The accuracy measure is mean squared error.

In [7]:
def compute_mse(lm, x ,y):
    mse = np.mean((y - lm.predict(x)) ** 2) # compute mean squared error
    return mse

def format_mse(mse):
    return "{0:.4f}".format(mse)

# Linear Regression
lm = LinearRegression()
lm.fit(x_train, y_train)
mse_train = compute_mse(lm, x_train ,y_train)
mse_test = compute_mse(lm, x_test ,y_test)

print('--- Linear Regression ---')
print('MSE (train set) = ' + format_mse(mse_train))
print('MSE (test set) = ' + format_mse(mse_test))
print('')

# Ridge Regression
lm = Ridge()
lm.fit(x_train, y_train)
mse_train = compute_mse(lm, x_train ,y_train)
mse_test = compute_mse(lm, x_test ,y_test)

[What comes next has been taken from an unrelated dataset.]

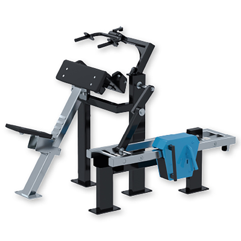 Die Gewichtsbelastung ist durch den verstellbaren Gewichtsschlitten zwischen 5-50 kg individuell regulierbar. Der Sitz ist stabil auf einem Schienensystem angebracht und lässt sich schnell in der Höhe verstellen.
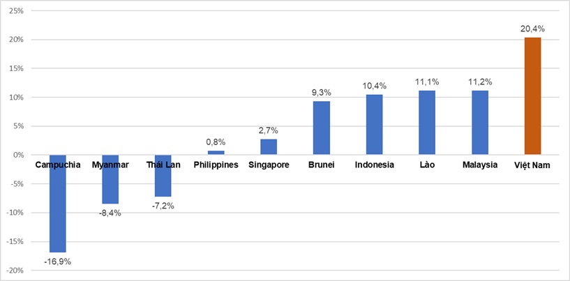 Theo đó, năm 2025, lượng khách quốc tế đến Việt Nam đạt mức tăng trưởng 20,4% so với năm 2024, cao hơn rất nhiều so với các điểm đến lớn khác như Malaysia (+11,2%), Indonesia (+10,4%) hay Singapore (+2,7%), Philippines (+0,8%). Trong khi đó, một số điểm đến láng giềng ghi nhận sự sụt giảm về lượng khách quốc tế như Thái Lan (-7,2%), Campuchia (-16,9%), Myanmar (-8%).

print('--- Ridge Regression ---')
print('MSE (train set) = ' + format_mse(mse_train))
print('MSE (test set) = ' + format_mse(mse_test))
print('')

# Lasso Regression
lm = Lasso()
lm.fit(x_train, y_train)
mse_train = compute_mse(lm, x_train ,y_train)
mse_test = compute_mse(lm, x_test ,y_test)

print('--- Lasso Regression ---')
print('MSE (train set) = ' + format_mse(mse_train))
print('MSE (test set) = ' + format_mse(mse_test))
print('')

# Stochastic Gradient Descent
lm = SGDRegressor()
lm.fit(x_train, y_train)
mse_train = compute_mse(lm, x_train ,y_train)
mse_test = compute_mse(lm, x_test ,y_test)

print('--- Stochastic Gradient Descent ---')
print('MSE (train set) = ' + format_mse(mse_train))
print('MSE (test set) = ' + format_mse(mse_test))
print('')

# Multi-layer Perceptron Regressor
lm = MLPRegressor()
lm.fit(x_train, y_train)
mse_train = compute_mse(lm, x_train ,y_train)
mse_test = compute_mse(lm, x_test ,y_test)

print('--- Multi-layer Perceptron Regressor ---')
print('MSE (train set) = ' + format_mse(mse_train))
print('MSE (test set) = ' + format_mse(mse_test))
print('')

# RandomForestRegressor
lm = RandomForestRegressor(random_state=0)
lm.fit(x_train, y_train)
mse_train = compute_mse(lm, x_train ,y_train)
mse_test = compute_mse(lm, x_test ,y_test)

print('--- Random Forest Regressor ---')
print('MSE (train set) = ' + format_mse(mse_train))
print('MSE (test set) = ' + format_mse(mse_test))
print('')

--- Linear Regression ---
MSE (train set) = 0.0120
MSE (test set) = 0.0896

--- Ridge Regression ---
MSE (train set) = 0.0192
MSE (test set) = 0.0355

--- Lasso Regression ---
MSE (train set) = 0.0610
MSE (test set) = 0.0605





--- Stochastic Gradient Descent ---
MSE (train set) = 0.0469
MSE (test set) = 0.0490

--- Multi-layer Perceptron Regressor ---
MSE (train set) = 0.0341
MSE (test set) = 0.0507

--- Random Forest Regressor ---
MSE (train set) = 0.0057
MSE (test set) = 0.0328



* Overall, ridge regression performs relatively well.

### Ridge Regression Results

This sub-section explores some of the interesting results from the ridge regression.  

In [8]:
lm = Ridge()
lm.fit(x, y)

Ridge(alpha=1.0, copy_X=True, fit_intercept=True, max_iter=None,
   normalize=False, random_state=None, solver='auto', tol=0.001)

In [9]:
x = lm.coef_
df_features['coef'] = lm.coef_ # add coefficients to the dataframe
x.shape

(2018,)

In [10]:
df_results_titleloc = df_features[['feat_type','feat_name','coef']][df_features.feat_type == 'titleloc']
df_results_titleloc

Unnamed: 0,feat_type,feat_name,coef
2014,titleloc,titleloc,0.01766


In [11]:
df_results_countword = df_features[['feat_type','feat_name','coef']][df_features.feat_type == 'countword']
df_results_countword

Unnamed: 0,feat_type,feat_name,coef
2015,countword,countword_poly_1,0.004857
2016,countword,countword_poly_2,-0.000801
2017,countword,countword_poly_3,-1.9e-05


### Discussion

1. Job titles should not be too long. Suppose the coefficients in the polymonial terms are: $ROE = a*(word) + b*(word)^2$, then the optimal number of words is around $-\frac{a}{2b} = \frac{0.004857}{2*0.000801} = 3.03$. On average, the length of job titles should not exceed 3-4 words. 
2. Companies that put information of their location into job titles tend to perform better, as the coefficient of the ridge regression is positive (~0.018). The causal relationship, however, is not clear. Most likely, we have a confounding variable as expanding companies are the ones that performing well. As they are expanding to other area, they tend to put information on the new location into job tities.